# Exercise details:
A faithful transcription of all the entries below is needed, without the pictures.
──────── Material for this exercise
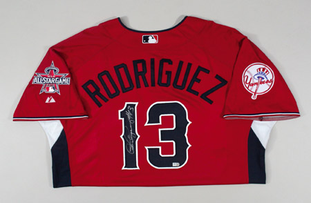 Description:2010 Alex Rodriguez autographed American League All-Star Game Workout Day/Home Run Derby Jersey. Red knit jersey has "American" lettering across the front and "Rodriguez" on the back. Rodriguez has signed the shirt in silver paint pen on the #1. The New York Yankees team patch is affixed to the right sleeve with MLB All-Star Game logo patch on the left sleeve. Majestic label found on tail front with "Cool Base" and size 48 flag tags affixed to the seam. Jersey has an affixed MLB hologram FJ171090 on the back and proper 0068 wash tag on the interior. Includes LOA from JSA: NM
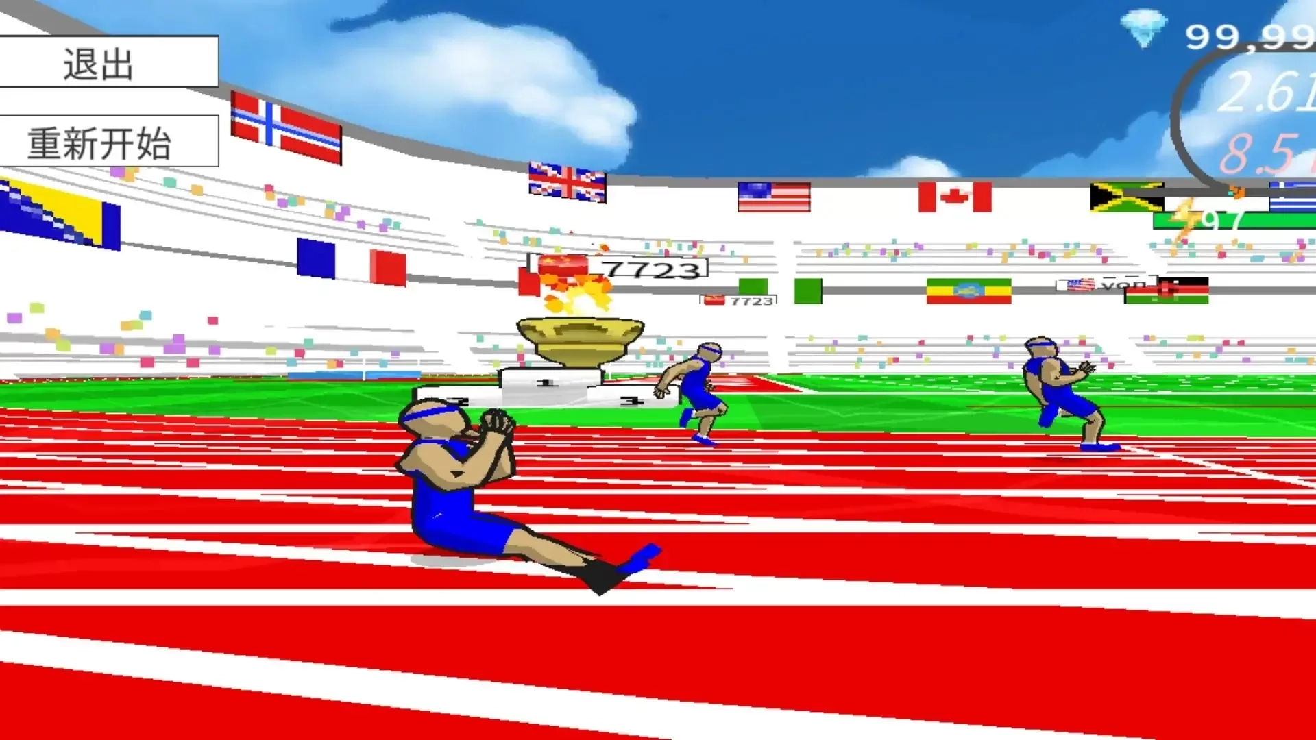 6、当角色冲过终点线后,系统会立即显示最终比赛成绩。
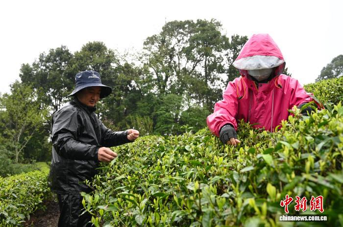 图为村民在采茶。资料图 赵朗 摄
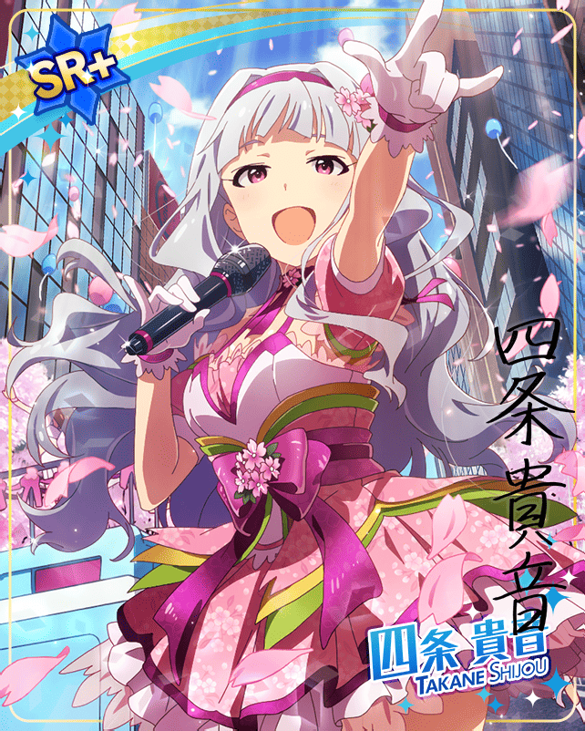 カード情報(満開に心踊らせて 四条 貴音) 覚醒前 覚醒後 ライフ ボーカル ダンス ビジュアル 最大 35 4170 2934 5386 覚醒最大 35 4864 3422 6284 マスターランク4 35 5448 3834 7040 センター効果 Fairyテクニック Fairyタイプのスキル発動率が20%アップ スキル効果(Lv最大時) 花びら彩るパレード 11秒ごとに35%の確率で4秒間、Great/GoodをPerfectにする コメント カード一覧 望郷の想い 優雅なひととき 水面に浮かぶ月 スノーファンタジーナイト セクシー魔女っ娘 麗しきエルディスト BRAND NEW PERFORMANCE 月のごとく輝く UNI-ONAIR 制服シリーズ 私のお気に入り 夜空に瞬いて 可愛い挑戦状 エレガント・リング CHALLENGE FOR GLOW-RY DAYS フラワーガール EVERYDAY WAVE!! MILLION LIVE CLOSET! Reach 4 the Dream! BRIGHT DIAMOND 聖なる夜は長く、深く 夏服シリーズ ショコラステージ 2人だけの春宵 MILLION LIVE CONFERENCE! 私たちのRainbow 怪盗たちの攻防戦 ver.TS 落葉の秋景色 耳としっぽシリーズ おとぎの国の物語[偉大なる魔法使い] Beyond A Crossing! addicted MILLION LIVE CLOSET! Reburn Raise a Good Sign 現代伝奇ホラー<医師> いざ実食! ミリカン!アンコール 新宿マルイ メン モンスターっ娘シリーズ ミリアニセレクション 7Days Smile ミリオンライブ野郎ラーメン はにかみ帰り道 淡く、霞かかる月 ステラ コンセプト★コスチュームシリーズ もふもふチェンジ!シリーズ CAMPAI♡NIGHT HUB One Day 体験 超々∞MUGENDAI 秘密の約束 紅のひとりごと PIZZA-LA 大忘年会×新年会 in KOTOBUKIY@ ダウンタウンガールシリーズ SPECIAL SOLO RECORDS 果てなき世界に夢見る妖精 満開に心踊らせて 関連画像 2018年バレンタインデー公式ツイート 2019年エイプリルミニゲーム ココスコラボ 2020年エイプリルフールネタ 2020年エイプリルフールネタ 3周年TOP画面 2021年ミリシタ4周年カウントダウン(3日前) 2021年ミリシタ4周年トップ画面 ユニットトークイメージ(2021-07-29~) ユニットトークイメージ(2021-07-29~) イベントSD 2022年エイプリルフールネタ イベントSD #6 2023年ホワイトデートップ画面 イベントSD #7 イベントSD #8 イベントSD #358 イベントSD #419
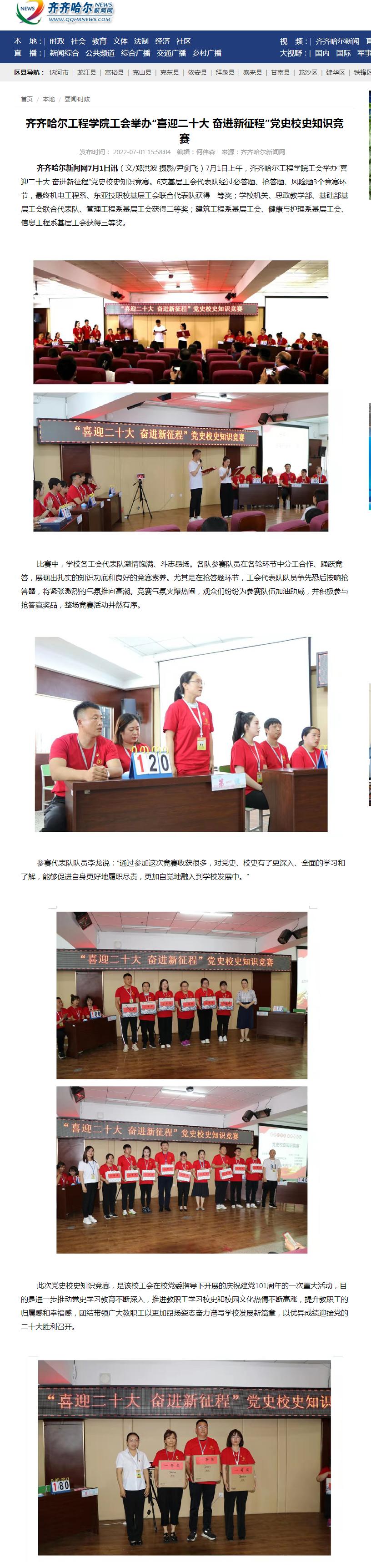 齐齐哈尔新闻网:开云kaiyun官方网站工会举办“喜迎二十大 奋进新征程”党史校史知识竞赛
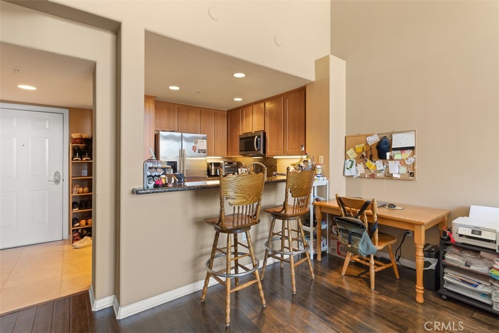 This beautifully maintained 2-bedroom, 2-bath with a loft end-unit condo redefines modern city living. Featuring a functional kitchen island, hardwood floors, and granite countertops throughout, the home combines thoughtful design with luxurious finishes. The open layout flows from kitchen to living room. Relax in your primary suite with a custom walk-in closet, or indulge in long, warm baths in either of the two full-size bathrooms, each with shower-over-tub and granite surfaces. The private balcony is your front-row seat to the nightly Disneyland fireworks and city lights, making every evening magical. This unit provides privacy with only one common wall, and convenience with in-unit laundry, 3 assigned parking spaces near the elevator, extra storage, and resort-style amenities—including a gym, clubhouse with WiFi, and a pool & spa. HOA covers water, gas, and trash, making this a truly turn-key, vacation-style home you’ll never want to leave.
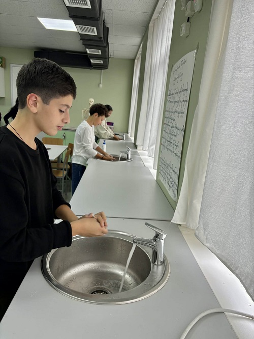 პირველ შეხვედრაზე მოსწავლეებმა ისწავლეს ხელების სწორად დაბანა, გაეცნენ პირველადი დახმარების ნივთებს და ისაუბრეს ჰიგიენის მნიშვნელობაზე.
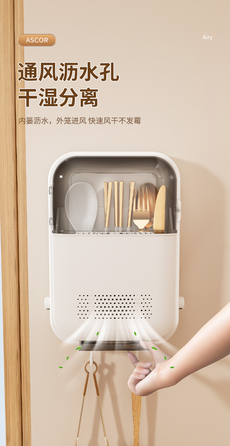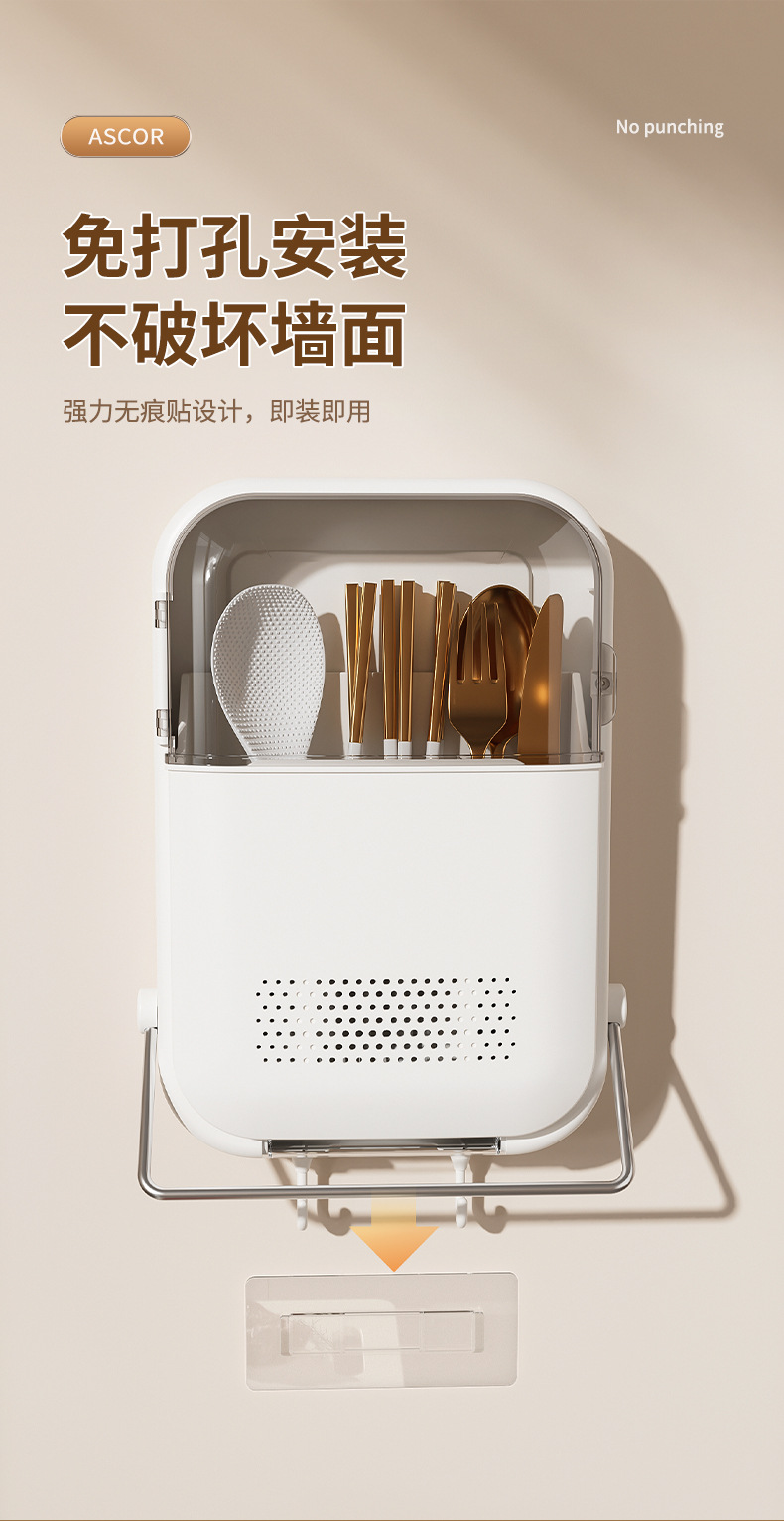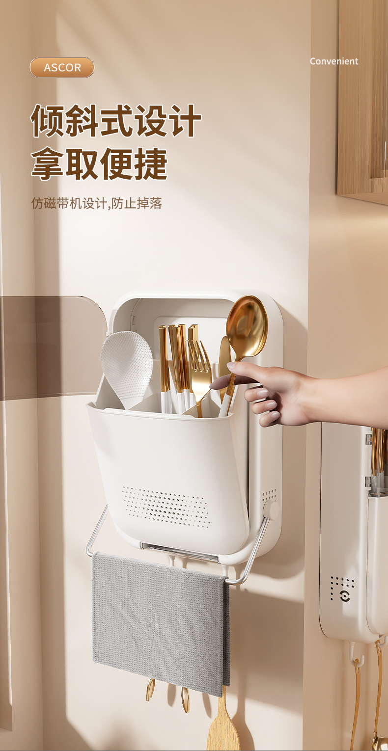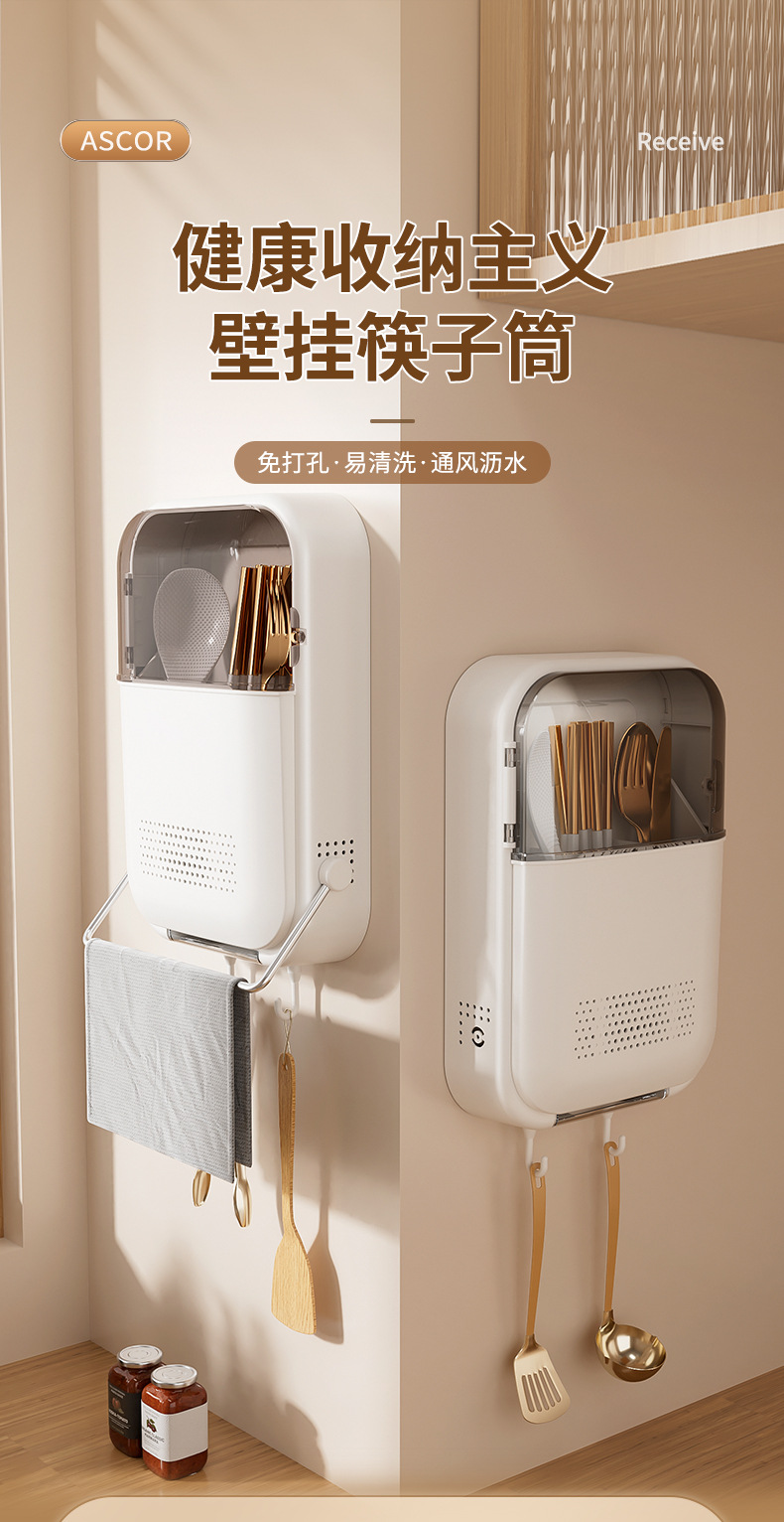 筷子筒筷笼免打孔厨房置物架勺子收纳桶塑料挂墙式沥水筷子收纳盒
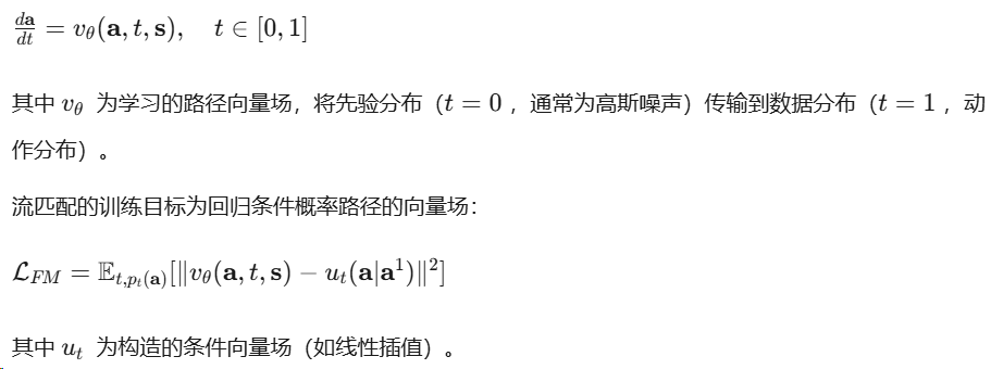 流匹配(Flow Matching, FM)是替代扩散模型的生成方法,直接学习概率路径的向量场,实现更高效的采样。与扩散的随机微分方程(SDE)不同,流匹配使用常微分方程(ODE):
────────────────
# Output below:
 Description:2010 Alex Rodriguez autographed American League All-Star Game Workout Day/Home Run Derby Jersey. Red knit jersey has "American" lettering across the front and "Rodriguez" on the back. Rodriguez has signed the shirt in silver paint pen on the #1. The New York Yankees team patch is affixed to the right sleeve with MLB All-Star Game logo patch on the left sleeve. Majestic label found on tail front with "Cool Base" and size 48 flag tags affixed to the seam. Jersey has an affixed MLB hologram FJ171090 on the back and proper 0068 wash tag on the interior. Includes LOA from JSA: NM
 6、当角色冲过终点线后,系统会立即显示最终比赛成绩。
 图为村民在采茶。资料图 赵朗 摄
 カード情報(満開に心踊らせて 四条 貴音) 覚醒前 覚醒後 ライフ ボーカル ダンス ビジュアル 最大 35 4170 2934 5386 覚醒最大 35 4864 3422 6284 マスターランク4 35 5448 3834 7040 センター効果 Fairyテクニック Fairyタイプのスキル発動率が20%アップ スキル効果(Lv最大時) 花びら彩るパレード 11秒ごとに35%の確率で4秒間、Great/GoodをPerfectにする コメント カード一覧 望郷の想い 優雅なひととき 水面に浮かぶ月 スノーファンタジーナイト セクシー魔女っ娘 麗しきエルディスト BRAND NEW PERFORMANCE 月のごとく輝く UNI-ONAIR 制服シリーズ 私のお気に入り 夜空に瞬いて 可愛い挑戦状 エレガント・リング CHALLENGE FOR GLOW-RY DAYS フラワーガール EVERYDAY WAVE!! MILLION LIVE CLOSET! Reach 4 the Dream! BRIGHT DIAMOND 聖なる夜は長く、深く 夏服シリーズ ショコラステージ 2人だけの春宵 MILLION LIVE CONFERENCE! 私たちのRainbow 怪盗たちの攻防戦 ver.TS 落葉の秋景色 耳としっぽシリーズ おとぎの国の物語[偉大なる魔法使い] Beyond A Crossing! addicted MILLION LIVE CLOSET! Reburn Raise a Good Sign 現代伝奇ホラー<医師> いざ実食! ミリカン!アンコール 新宿マルイ メン モンスターっ娘シリーズ ミリアニセレクション 7Days Smile ミリオンライブ野郎ラーメン はにかみ帰り道 淡く、霞かかる月 ステラ コンセプト★コスチュームシリーズ もふもふチェンジ!シリーズ CAMPAI♡NIGHT HUB One Day 体験 超々∞MUGENDAI 秘密の約束 紅のひとりごと PIZZA-LA 大忘年会×新年会 in KOTOBUKIY@ ダウンタウンガールシリーズ SPECIAL SOLO RECORDS 果てなき世界に夢見る妖精 満開に心踊らせて 関連画像 2018年バレンタインデー公式ツイート 2019年エイプリルミニゲーム ココスコラボ 2020年エイプリルフールネタ 2020年エイプリルフールネタ 3周年TOP画面 2021年ミリシタ4周年カウントダウン(3日前) 2021年ミリシタ4周年トップ画面 ユニットトークイメージ(2021-07-29~) ユニットトークイメージ(2021-07-29~) イベントSD 2022年エイプリルフールネタ イベントSD #6 2023年ホワイトデートップ画面 イベントSD #7 イベントSD #8 イベントSD #358 イベントSD #419
 齐齐哈尔新闻网:开云kaiyun官方网站工会举办“喜迎二十大 奋进新征程”党史校史知识竞赛
 This beautifully maintained 2-bedroom, 2-bath with a loft end-unit condo redefines modern city living. Featuring a functional kitchen island, hardwood floors, and granite countertops throughout, the home combines thoughtful design with luxurious finishes. The open layout flows from kitchen to living room. Relax in your primary suite with a custom walk-in closet, or indulge in long, warm baths in either of the two full-size bathrooms, each with shower-over-tub and granite surfaces. The private balcony is your front-row seat to the nightly Disneyland fireworks and city lights, making every evening magical. This unit provides privacy with only one common wall, and convenience with in-unit laundry, 3 assigned parking spaces near the elevator, extra storage, and resort-style amenities—including a gym, clubhouse with WiFi, and a pool & spa. HOA covers water, gas, and trash, making this a truly turn-key, vacation-style home you’ll never want to leave.
 პირველ შეხვედრაზე მოსწავლეებმა ისწავლეს ხელების სწორად დაბანა, გაეცნენ პირველადი დახმარების ნივთებს და ისაუბრეს ჰიგიენის მნიშვნელობაზე.
 筷子筒筷笼免打孔厨房置物架勺子收纳桶塑料挂墙式沥水筷子收纳盒
 流匹配(Flow Matching, FM)是替代扩散模型的生成方法,直接学习概率路径的向量场,实现更高效的采样。与扩散的随机微分方程(SDE)不同,流匹配使用常微分方程(ODE):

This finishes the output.